Anyone have the super x2 in camo? I have the synthetic that's two years old, love the thing and wanna have it dipped by Browning. It's gonna cost around 250 supposedly, unless anyone knows differently???
Anyways, I was wondering if the camo "wears" off on the highly worn areas, grips, etc, with the Winchesters since they have a different dipping process??
I guess it's either have it dipped, keep it synthetic black, or trade it in for a new camo'ed one. Don't want a camo one if its gonna wear through to yellow.


----------



## Canada_Hunter (Mar 21, 2004)

mine is 2 year old and the camo hold up great!!!...If you take care of it i think it will last a lifetime


----------



## bigblackfoot (Mar 12, 2003)

You should pm PJ about it. I know he had his berretta dipped and it looks really good. Im not sure who dipped it for him but i bet if you asked him he would tell you.


----------



## GooseBuster3 (Mar 1, 2002)

The panit is just wearing right off of my X2, and the duratuch is too. Im calling wincherster and chewing some ***!!


----------



## Guest (Apr 1, 2004)

GB3, How old is your gun?


----------



## johnsona (Dec 4, 2003)

I've had my x2 for a while now and the only complaint i have is that when i go honker hunting in some nasty weather, it wants to gum up and feed really slowly with 3 inch mags. Kinda frusterating when you've got a group of birds at your feet and you've gotta wait for your gun to feed. Otherwise, its a great upland gun.
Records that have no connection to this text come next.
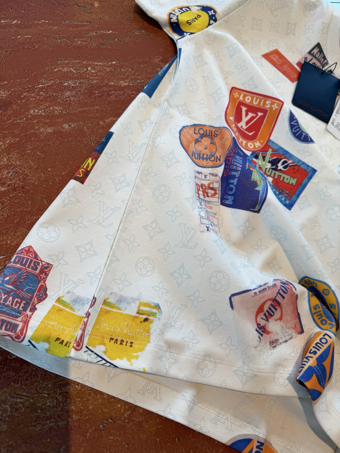 NIGO Louis Vuitton Women's Summer Flight Stamp Print Crew Neck Cotton Short Sleeve T-Shirt #nigo76695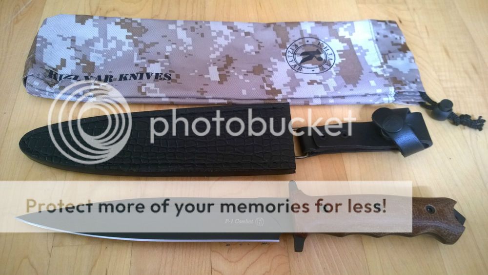 I just got this, & it's so cool, I'm just letting it go for a grail-type bowie. This is, IMO, the best of the few variations of this knife that Kizlyar produced. It's got the Uber-Tough Russian high-carbon U-8 steel, & the beautiful brownish Russian Micarta scales with the black fasteners & the very nice, thick, black leather sheath that lets the knife ride at the perfect height from your hip - this is the ultimate stabby knife, with it's 8" blade....OAL=13". The stock is 0.21" thick, but has a nice distal tapering & a very cool I-beam type of construction that allows the blade to be very tough/durable, but relatively light weight - this knife is surprisingly fast in hand....I kind of hope she doesn't sell. I'm selling her for $220.
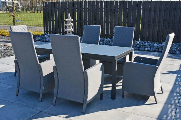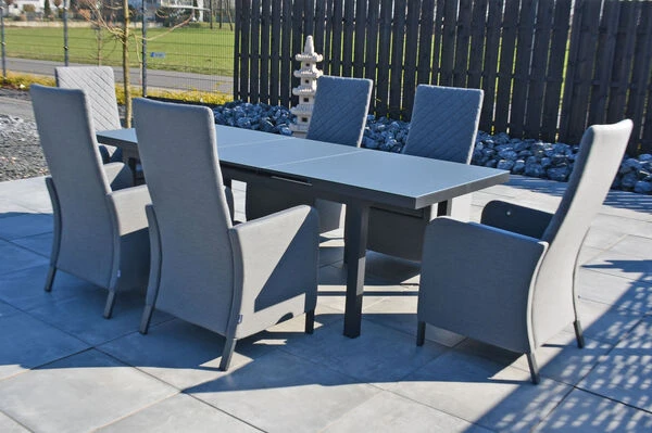 OUTFLEXX® Malaga Esstischgarnitur mit Premium Ausziehtisch aus Aluminium/Sicherheitsglas in OUTFLEXX® anthrazit matt/grau und 6 Malaga Sun Sessel aus Aluminium/Sunbrella in der Farbe Flanelle
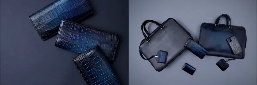皮革の中でも高級素材とされるクロコダイルを「金の気」を持つ灰色、「勝色」はとして勝利への験担ぎに古くから用いられている伝統と誇り高き紺色、この2色を併せ持つ「贏-Ei-」色に、運気上昇や験担ぎとの想いを込め染め上げました。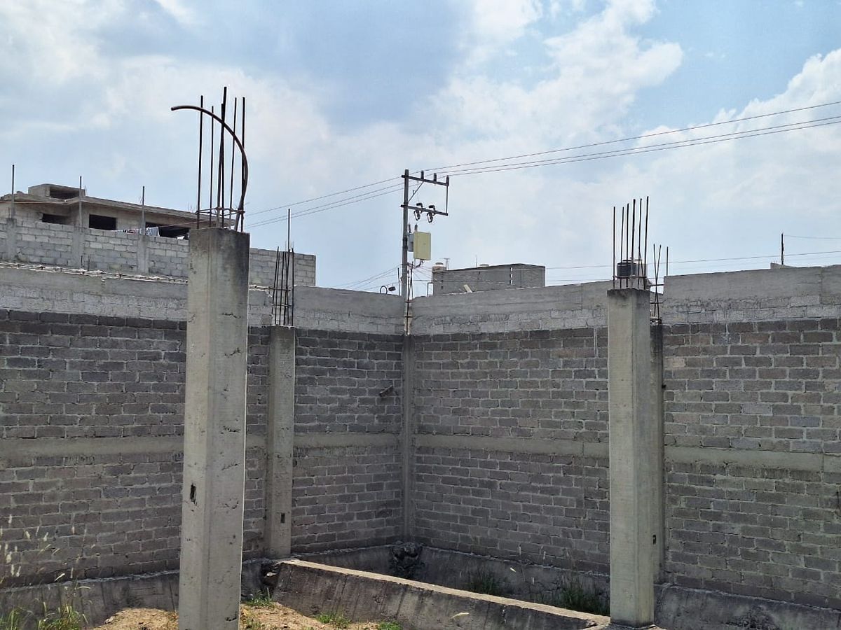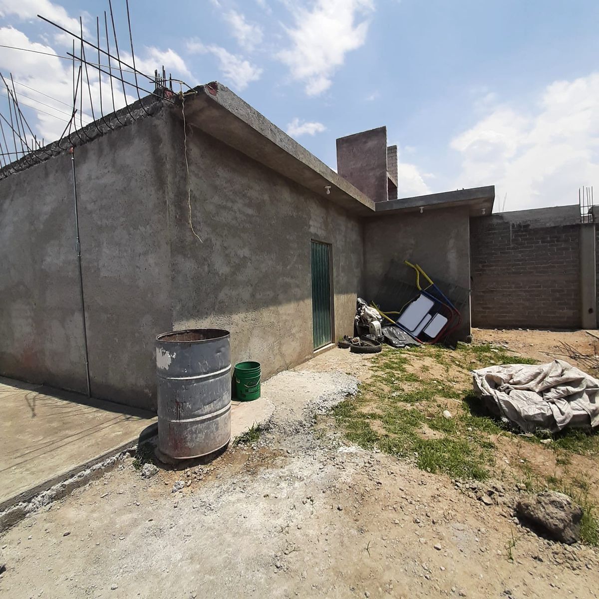 Cuenta con Barda Perimetral , Cimientos , una accesoria, un baño, patio, agua , drenaje , se pueden estacionar dos carros y la luz puede contratarse.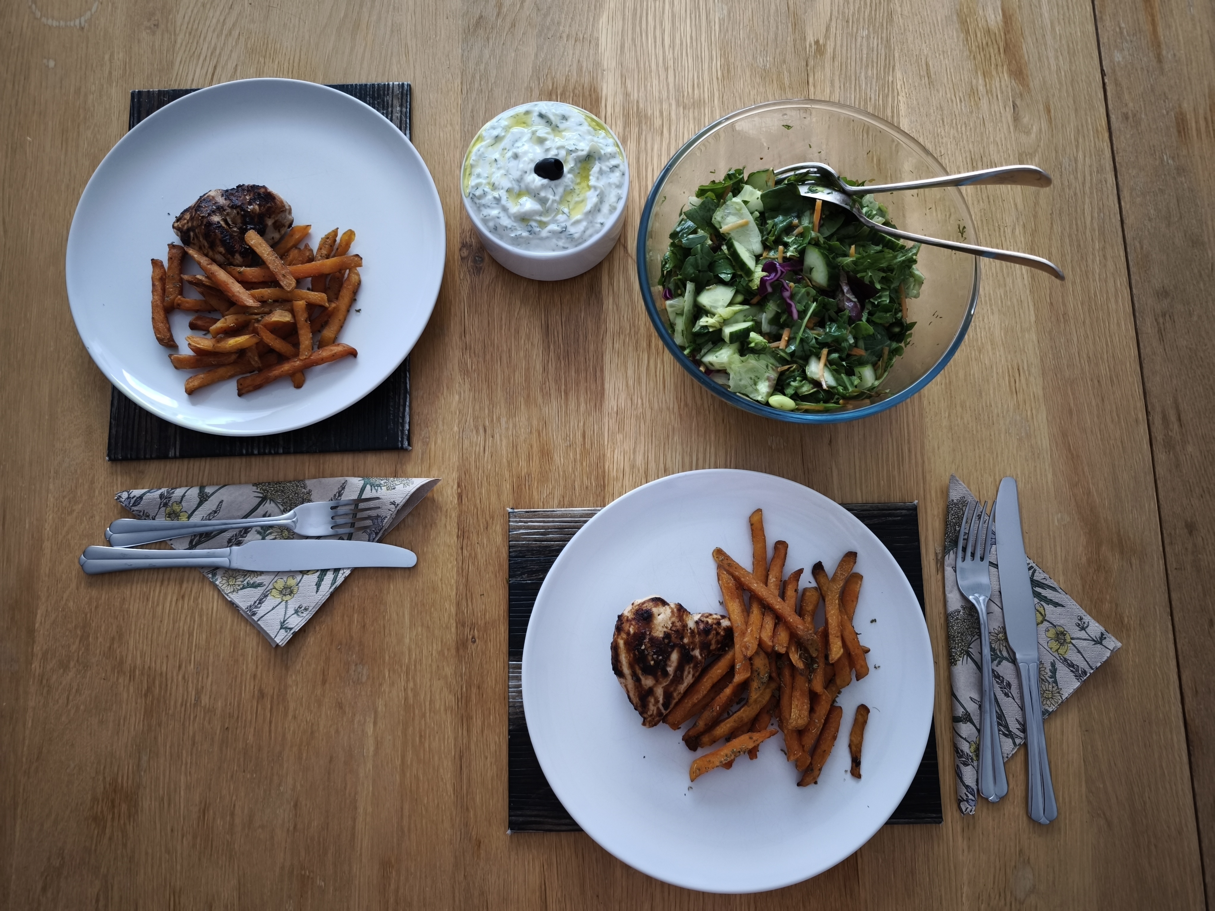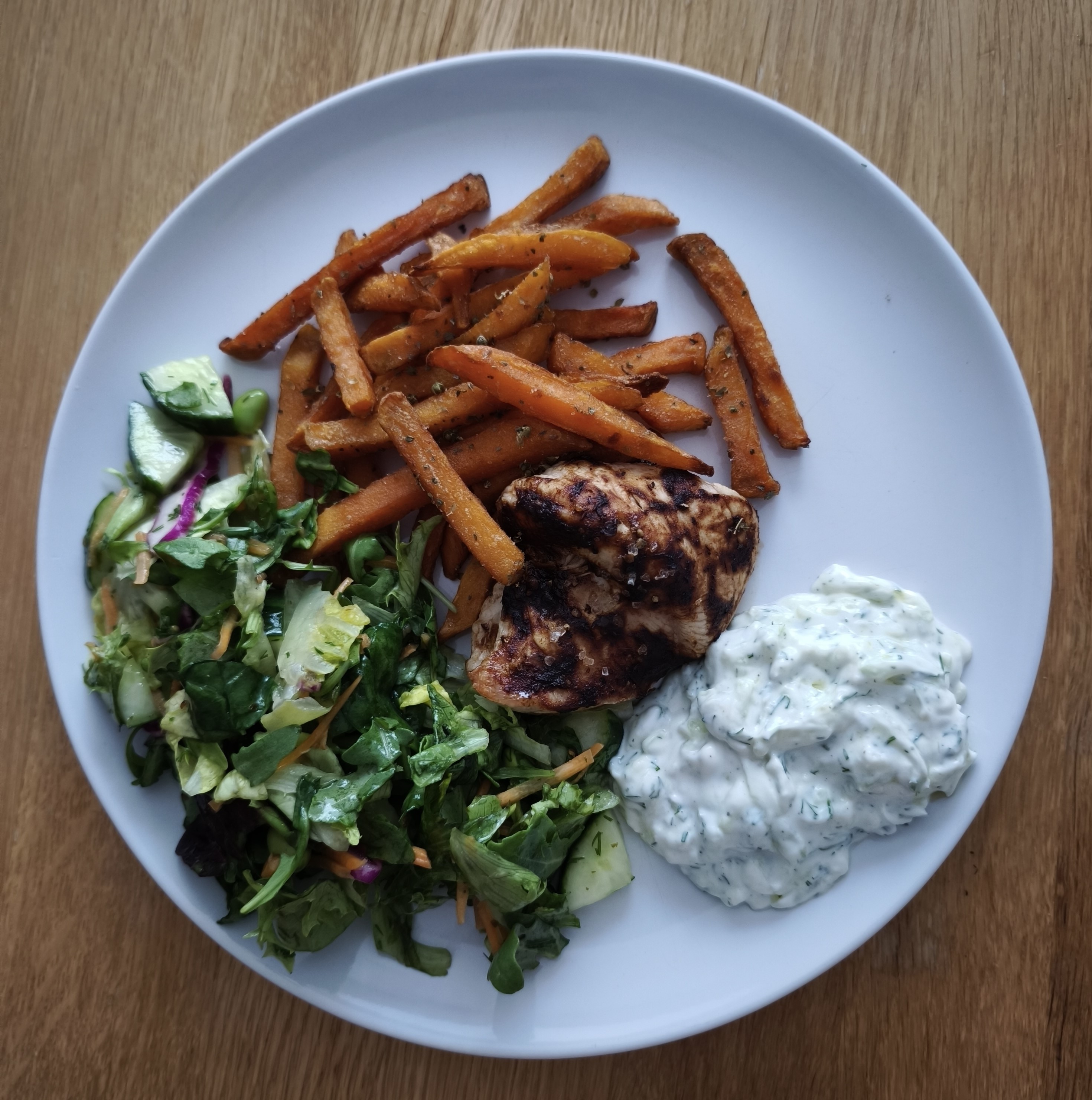 - Serve: Once the sweet potato fries are golden and crispy, remove them from the oven and season generously with salt, pepper, and dried oregano. Plate the chicken, sweet potato chips, and salad, and serve with a generous dollop of homemade tzatziki.

Anyone else have this problem, or any solution ideas? :evil:


----------



## GooseBuster3 (Mar 1, 2002)

Its not even a year old yet.


----------



## Goosehunter_ND (Mar 24, 2004)

I also have the synthetic and think it is the best semi auto on the market but you should just buy a new one they have a new stock on them and it has a really nice grip. Also this year i see weatherby who makes a hell of a gun came out with a semi-auto and they have the best camo i have seen and those are running really resonable. :sniper:


----------



## BRYAN_REMER (Sep 24, 2003)

I had a problem towards the end of last year with the second shell not wanting to be fed into the chamber with both 3" and 3.5". I had the gunsmith clean it. He said it was pretty clean, but he strecthed the spring some and now it cycles like it did when it was new.


----------



## Guest (Apr 1, 2004)

Yeah, I've heard that there's a new stainless steel spring for them that helps with the chambering and the cycling of new shells. Mine is starting to cycle the shells a little slower that when it was new, better get it checked asap.


----------



## nipper (Mar 30, 2004)

Take it to theGander MT. store in St .Cloud see the gun smith should be around 150.00 to have them do it.They will need to send it in but it is garenteed Good Luck Nipper


----------



## BRYAN_REMER (Sep 24, 2003)

I finally got to do some snow goose hunting and I found out my gun works just fine again. I wouldn't trade my Sx2 for anything. I haven't found a gun that fit me any better.


----------